Extracellular ATP: A powerful inflammatory mediator in the central nervous system

Nucleotides play a crucial role in extracellular signaling across species boundaries. All the three kingdoms of life (Bacteria, Archea and Eukariota) are responsive to extracellular ATP (eATP) and many release this and other nucleotides. Thus, eATP fulfills different functions, many related to danger-sensing or avoidance reactions. Basically all living organisms have evolved sensors for eATP and other nucleotides with very different affinity and selectivity, thus conferring a remarkable plasticity to this signaling system. Likewise, different intracellular transduction systems were associated during evolution to different receptors for eATP. In mammalian evolution, control of intracellular ATP (iATP) and eATP homeostasis has been closely intertwined with that of Ca2+, whether in the extracellular milieu or in the cytoplasm, establishing an inverse reciprocal relationship, i.e. high extracellular Ca2+ levels are associated to negligible eATP, while low intracellular Ca2+ levels are associated to high eATP concentrations. This inverse relationship is crucial for the messenger functions of both molecules. Extracellular ATP is sensed by specific plasma membrane receptors of widely different affinity named P2 receptors (P2Rs) of which 17 subtypes are known.

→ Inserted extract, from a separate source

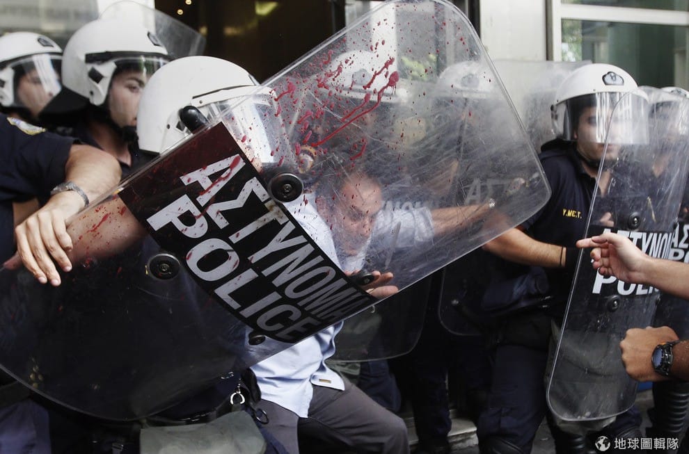 照片中是2011年的希臘,當時希臘政府為了要取得國際援助資金的挹注,就通過一連串砍社會預算的修法,這在當時引起大規模的抗議和示威行動。

This confers a remarkable plasticity to P2R signaling. The central nervous system (CNS) is a privileged site for purinergic signaling as all brain cell types express P2Rs. Accruing evidence suggests that eATP, in addition to participating in synaptic transmission, also plays a crucial homeostatic role by fine tuning microglia, astroglia and oligodendroglia responses. Drugs modulating the eATP concentration in the CNS are likely to be the new frontier in the therapy of neuroinflammation.

Automated summary

Nucleotides, especially extracellular ATP (eATP), play a crucial role in inter-species extracellular signaling. Different organisms have evolved sensors with varying affinity and selectivity for eATP, resulting in a highly flexible signaling system. In mammalian evolution, the control of intracellular ATP and eATP homeostasis is closely linked to that of Ca2+. Specific plasma membrane receptors, known as P2 receptors (P2Rs), sense eATP with various degrees of affinity and selectivity, adding to the plasticity of the system. The central nervous system (CNS) is a privileged site for purinergic signaling, with all brain cell types expressing P2Rs. Evidence suggests that eATP not only participates in synaptic transmission but also plays a crucial homeostatic role in brain cell responses. Modulating eATP concentration in the CNS may hold promise for the treatment of neuroinflammation.